#### [Exercise brief]
Your answer is the lines below, exactly, from the one that contains "约600平方米的健身空间,不" through the one that contains "Hj Misnarni Syamsuar", both included.

#### [Data for processing]
*** Block opens ***
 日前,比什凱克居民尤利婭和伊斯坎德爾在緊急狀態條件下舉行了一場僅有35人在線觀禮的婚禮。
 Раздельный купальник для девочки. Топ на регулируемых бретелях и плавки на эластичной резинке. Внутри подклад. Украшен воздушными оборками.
*** Block closes ***
*** Block opens ***
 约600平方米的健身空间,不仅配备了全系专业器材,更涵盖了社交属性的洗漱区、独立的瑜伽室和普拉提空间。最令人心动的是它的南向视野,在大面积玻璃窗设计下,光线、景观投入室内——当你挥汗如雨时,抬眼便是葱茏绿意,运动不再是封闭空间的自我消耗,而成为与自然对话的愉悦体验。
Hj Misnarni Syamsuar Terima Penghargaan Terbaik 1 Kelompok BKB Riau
*** Block closes ***
#### [Worked solution]
 约600平方米的健身空间,不仅配备了全系专业器材,更涵盖了社交属性的洗漱区、独立的瑜伽室和普拉提空间。最令人心动的是它的南向视野,在大面积玻璃窗设计下,光线、景观投入室内——当你挥汗如雨时,抬眼便是葱茏绿意,运动不再是封闭空间的自我消耗,而成为与自然对话的愉悦体验。
Hj Misnarni Syamsuar Terima Penghargaan Terbaik 1 Kelompok BKB Riau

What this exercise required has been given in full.